▶ **PROBLEM DESCRIPTION**
Set down only the lines from the one containing "Der BVF hat" through the final line of the entries below, exactly as they stand, with no pictures.

▶ **INPUT MATERIAL**
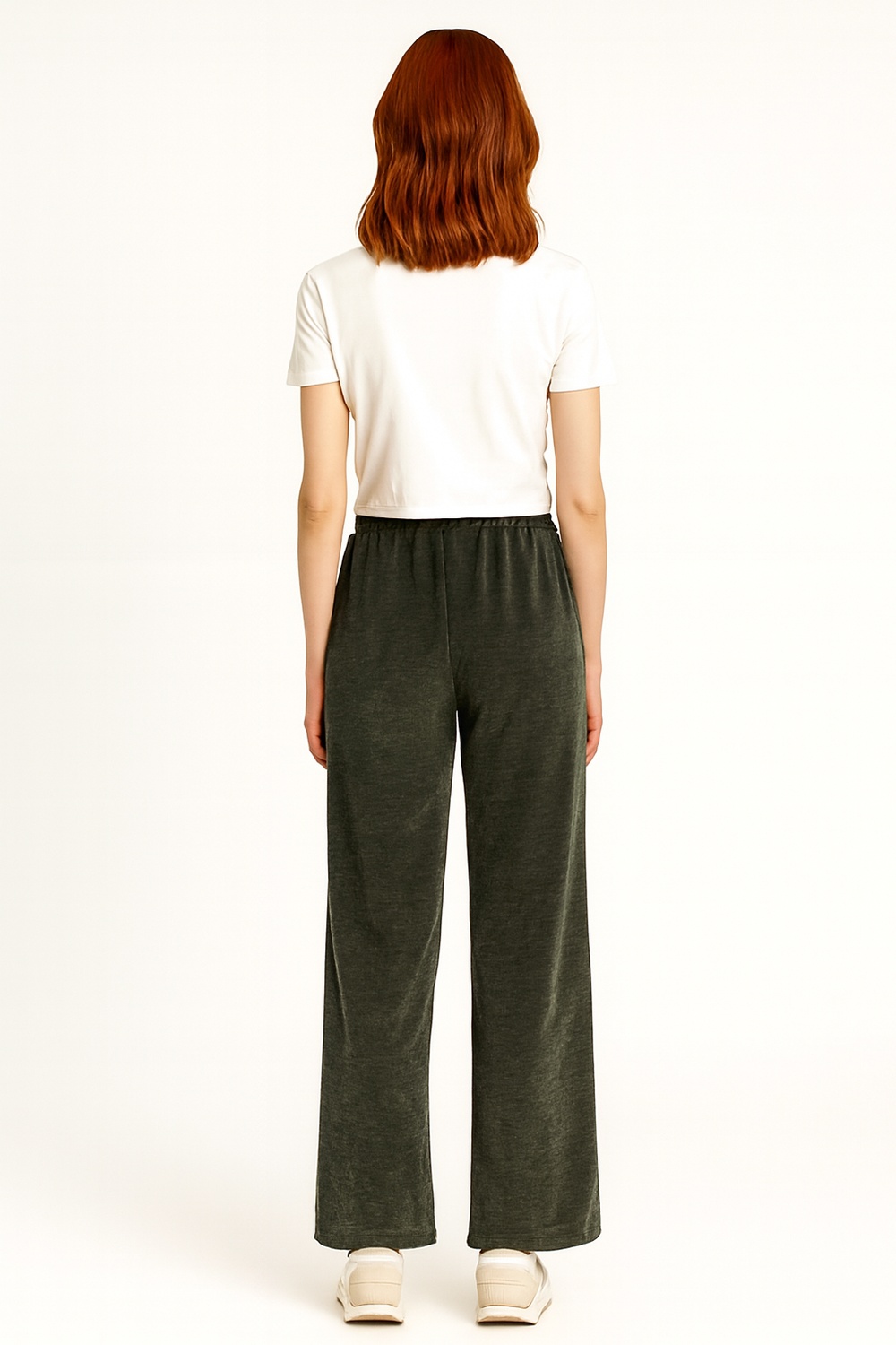 Pantalón de corte recto con pretina elástica que asegura un ajuste cómodo, jareta frontal con cordón para adaptar la cintura, caída ligera que permite libertad de movimiento, confección en tejido suave con acabado liso que brinda confort y estilo casual, ideal para un look relajado y moderno
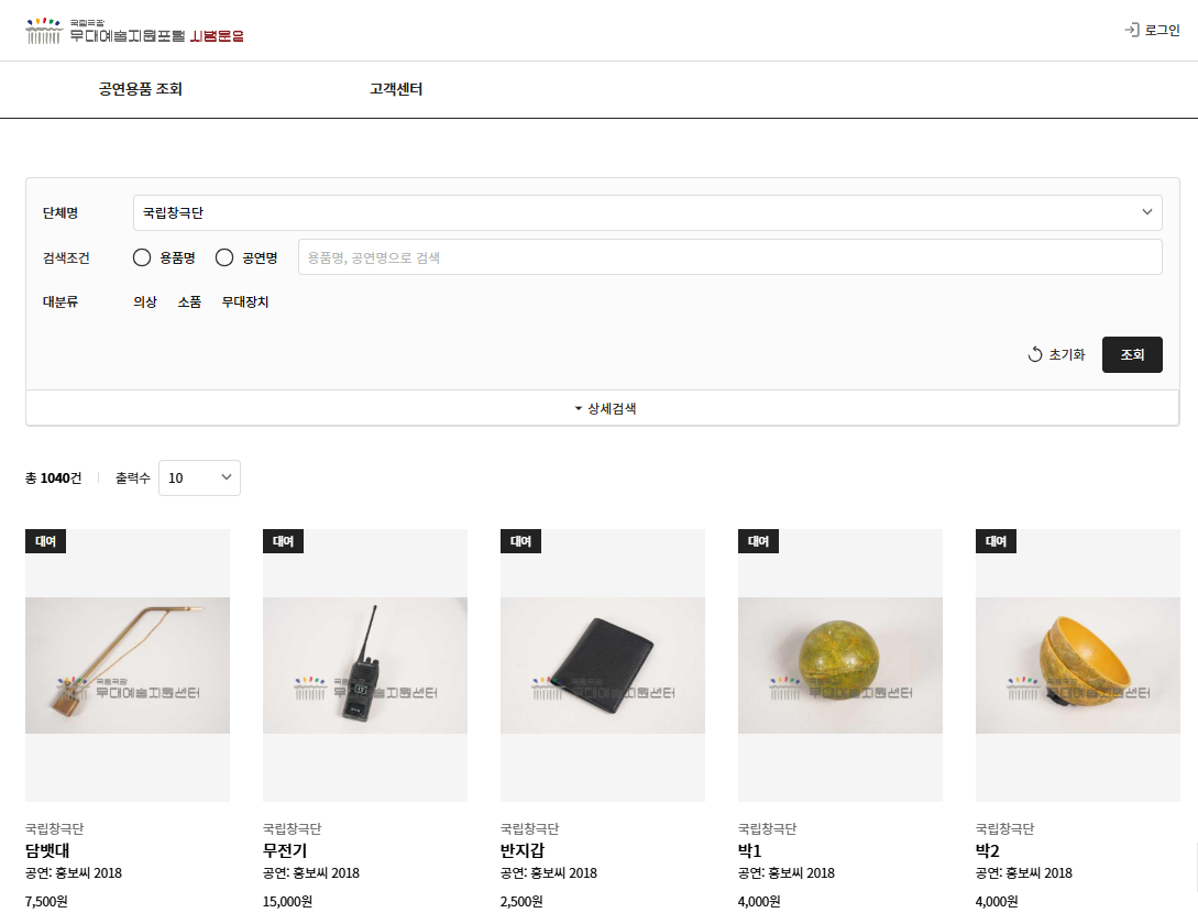 공연 용품 온라인 대여 서비스 문의 국립극장 무대예술지원센터 031-870-9106
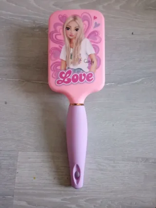 Cepillo para el pelo con un diseño inspirado en Top Model. - Ilustración de la muñeca Candy. - Detalle de corazones y remolinos. - Mensaje Love en la parte inferior.
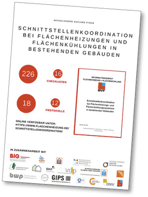 Der BVF hat die Fachinformation Schnittstellenkoordination bei Flächenheizungen und Flächenkühlungen in bestehenden Gebäuden aktualisiert und modernisiert. Die neue Fassung zeigt übergreifende Zusammenhänge auf und ergänzt die geltenden Normen und technischen Regeln. Fachhandwerker bekommen damit eine praktische Hilfestellung für ihre tägliche Arbeit.
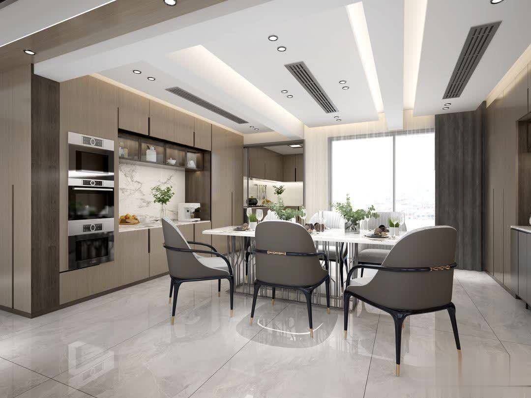 L型布局是当下厨房常见形式,虽是开放餐厅但操作分区明确,充足的柜体收纳以及不同功能的嵌入式电器将其最大化应用日常。中间结合餐桌的设计,哑光处理显得格外冷静、低调,营造更灵活更实用的餐厨空间。

▶ **RESULT**
 Der BVF hat die Fachinformation Schnittstellenkoordination bei Flächenheizungen und Flächenkühlungen in bestehenden Gebäuden aktualisiert und modernisiert. Die neue Fassung zeigt übergreifende Zusammenhänge auf und ergänzt die geltenden Normen und technischen Regeln. Fachhandwerker bekommen damit eine praktische Hilfestellung für ihre tägliche Arbeit.
 L型布局是当下厨房常见形式,虽是开放餐厅但操作分区明确,充足的柜体收纳以及不同功能的嵌入式电器将其最大化应用日常。中间结合餐桌的设计,哑光处理显得格外冷静、低调,营造更灵活更实用的餐厨空间。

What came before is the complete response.